Please share experiences and reflections with us.
Photo credit:
http://www.thefamousartists.com/wp-content/uploads/2011/02/the-butterfly-hunter.jpg
Dmitry A. Chernikov
Not to disparage beauty in nature, but here’s a dissenting opinion and a reality check:
http://mises.org/daily/2788/
Gregg Tomusko
John Muir was a religious man who found God and continued to search for God through His divine attribute of beauty. John had lost his eyesight in a manufacturing accident and promised to spend the rest of his life enjoying the beauty of God’s creation if he could get his precious vision back. After regaining his eyesight he kept his promise.
Jeffrey Wattles
Thank you, Gregg. The stories of this man’s life are most interesting.

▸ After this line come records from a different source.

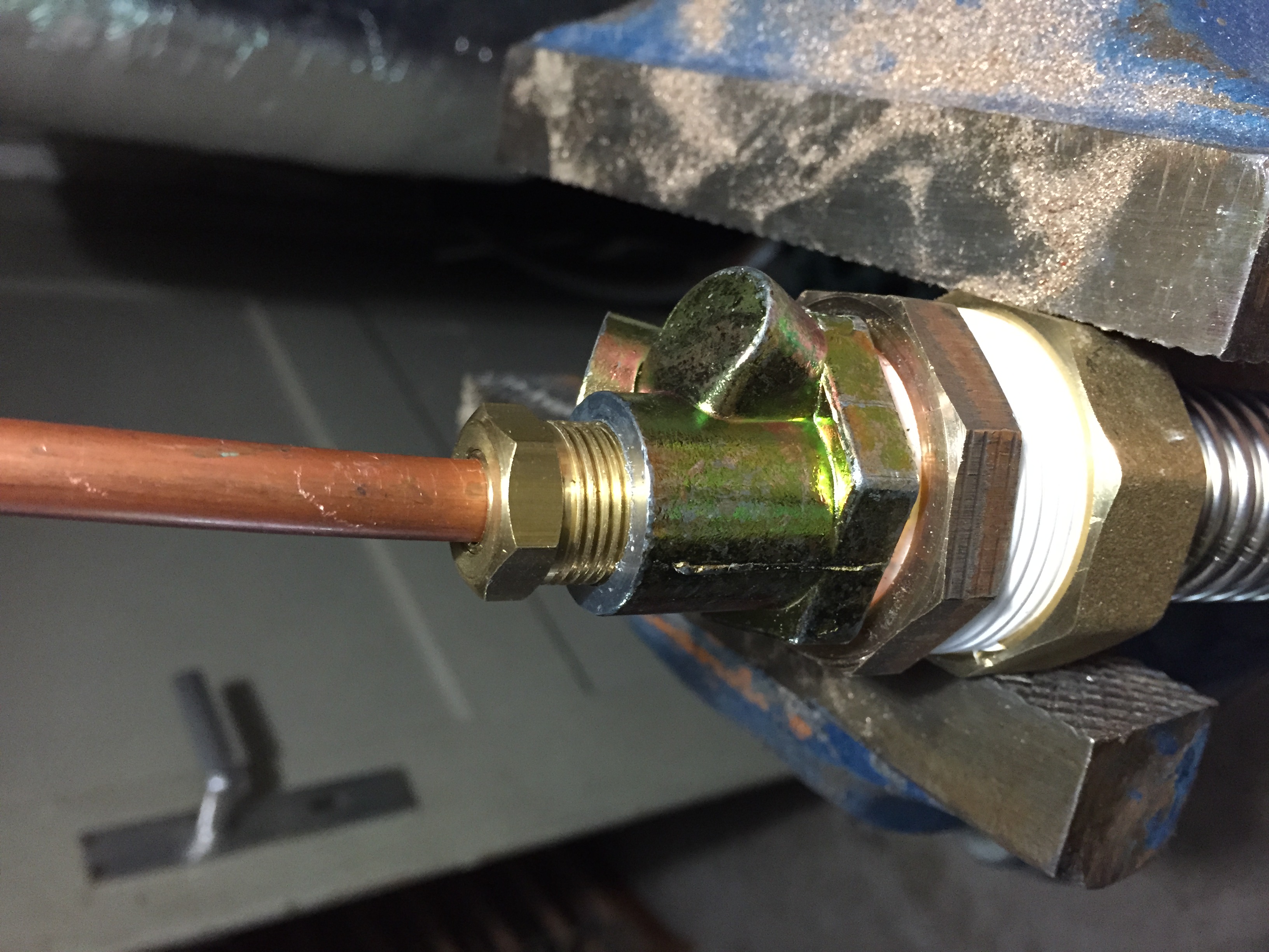 Das Kupferrohr ist per Schneidringverschraubung abgedichtet.
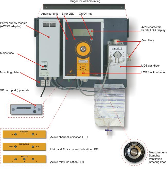 - Standard configuration consists up to 6 sensors (NDIR and/or electrochemical).
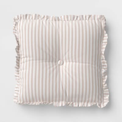 Threshold Oversized Square Stripe Pillow With Ruffle Trim, 22 in, Natural-White
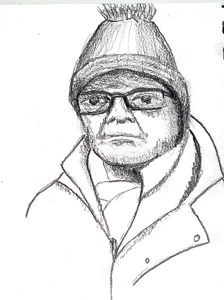 I don’t do portraits but who could resist sketching this guy, who sat down across from me in the park. I did take advantage of my wife’s patience as this one took more than five minutes, but not more than ten.
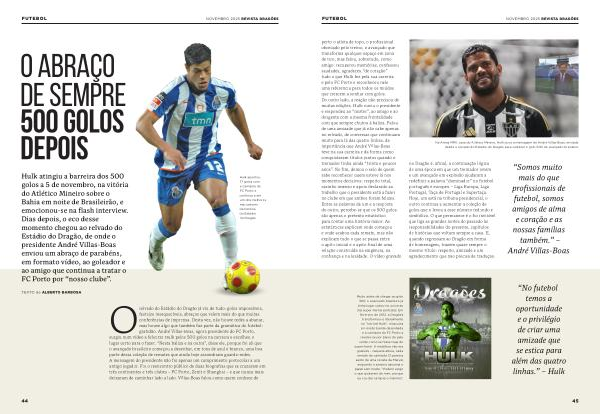 NOVEMBRO 2025 REVISTA DRAGÕES perto o atleta de topo, o profissional obcecado pelo treino, o avançado que transforma qualquer espaço em zona de tiro, mas falou, sobretudo, como amigo: recuperou memórias, confessou saudades, agradeceu“ de coração” tudo o que Hulk fez pela sua carreira e pelo FC Porto e reconheceu nele uma referência para todos os miúdos que crescem a sonhar com golos. Do outro lado, a reação não precisou de muitas edições. Hulk ouviu o presidente e respondeu ao“ mister”, ao amigo e ao dirigente com a mesma frontalidade com que sempre chutou à baliza. Falou de uma amizade que já não cabe apenas no relvado, de conversas que continuam muito para lá das quatro linhas, da importância que André Villas-Boas teve na sua carreira e da forma como conquistaram títulos juntos quando o treinador tinha ainda“ trinta e poucos anos”. No fim, deixou o selo de quem sabe reconhecer quem esteve lá nos momentos decisivos: respeito total, carinho imenso e apoio declarado ao trabalho que o presidente está a fazer no clube em que ambos foram felizes. Entre as palavras de um e a resposta do outro, percebe-se que os 500 golos são apenas o pretexto estatístico para contar uma história maior. As estatísticas explicam onde começou e onde acabou cada remate, mas não explicam tudo o que se passa entre o apito inicial e o apito final de uma relação construída na exigência, na confiança e na lealdade. O vídeo gravado
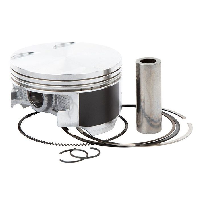 Vertex piston kits include the piston, rings, wrist pin, and circlips. The pistons are heat-treated with a T-6 hardening and tempering cycle. Also, a molybdenum disulphide skirt coating is used for reducing wear and improving the break-in phase of each piston.
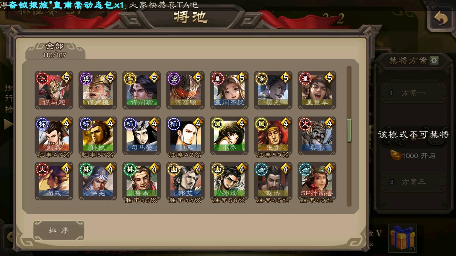 (群雄):杨彪,杜预,界左慈,界沮授,南华老仙,谋貂蝉,麴义,司马昭,谋公孙瓒,界李儒,苏飞,卑弥呼,星董卓,星黄忠,左慈,沮授,兀突骨
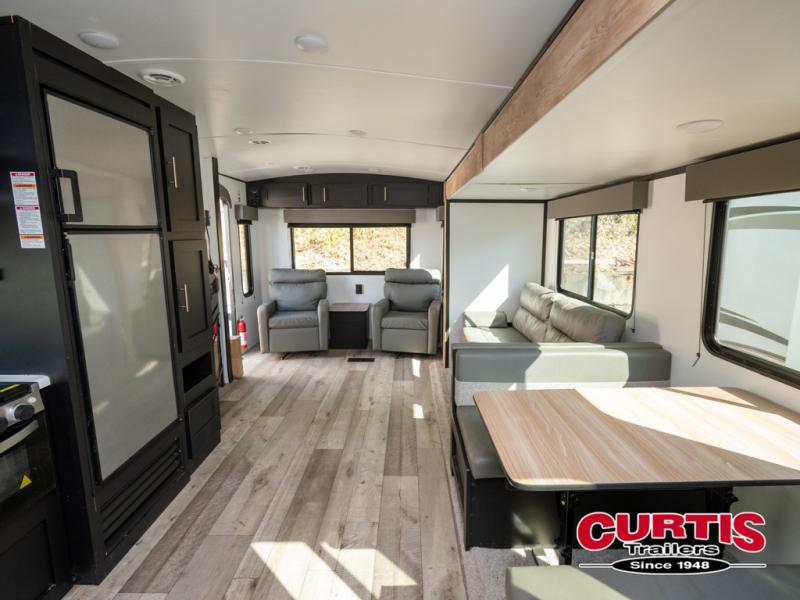 If you want a quick weekend trip or a longer week in the woods, this travel trailer is going to be your best choice because it has everything needed to enjoy your time away! There is a large slide in the main living area to provide you with some extra floor space to relax on the sofa, and the booth dinette will be a cozy spot to sit down with a hot meal. You can use the three-burner range to prepare that meal, the L-shaped counter to serve your meals from, and you can store some canned goods and snacks in the pantry. The fireplace makes this combined space cozy especially during those chilly camping evenings. And the 21' power awning is available for use whenever you want to relax outdoors, just grab your camping chairs from the front pass-through compartment.
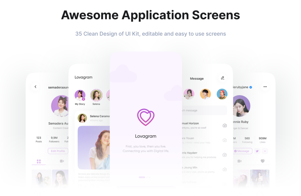 Introducing our latest creation, "Lovagram - Mobile Social Media App UI Kit" 📱
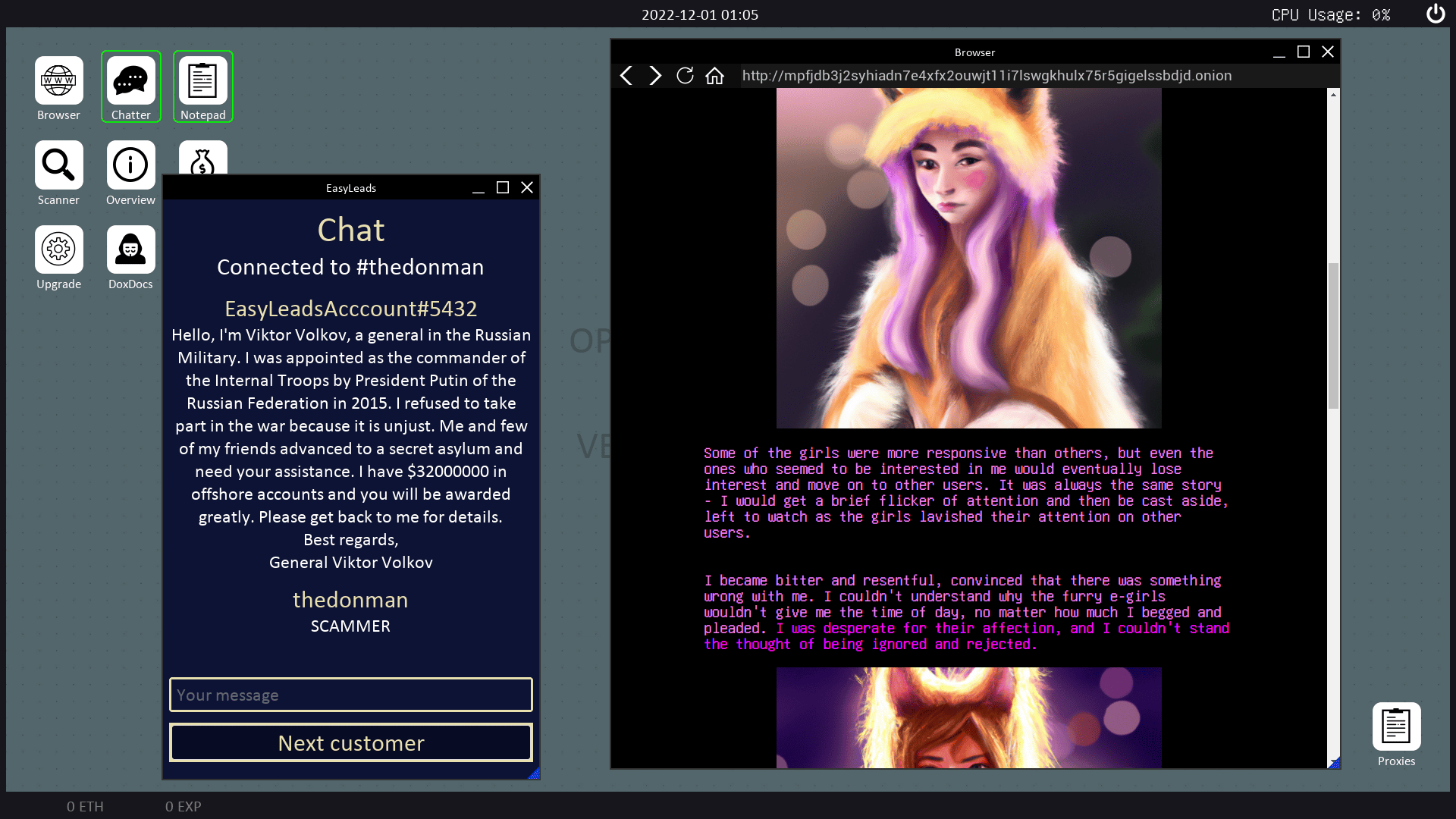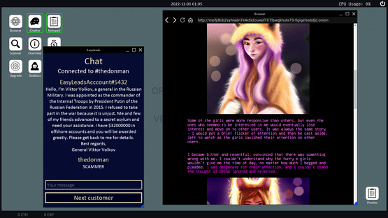 An infamous cybercriminal and owner of a luxurious underground marketplace tries to reclaim his position in the distrustful society of blackhat hackers and druglords. You must utilize your hacking and intelligence gathering skills in a race with your worsening mental state and sudden hallucinations.

Several persons who knew him reported that he was even more eloquent in person than in writing.
Jeffrey Wattles
“Death is the mother of beauty,” wrote Wallace Stevens. Do we appreciate beauty just because we die? If we had forever would we appreciate what’s around us? Our finitude does put pressure on us to make the best of our time here. But that stimulus is not the highest stimulus for aesthetic appreciation; nor is it the stimulus that will inspire us, once we have attained everlasting life, to continue appreciating beauty.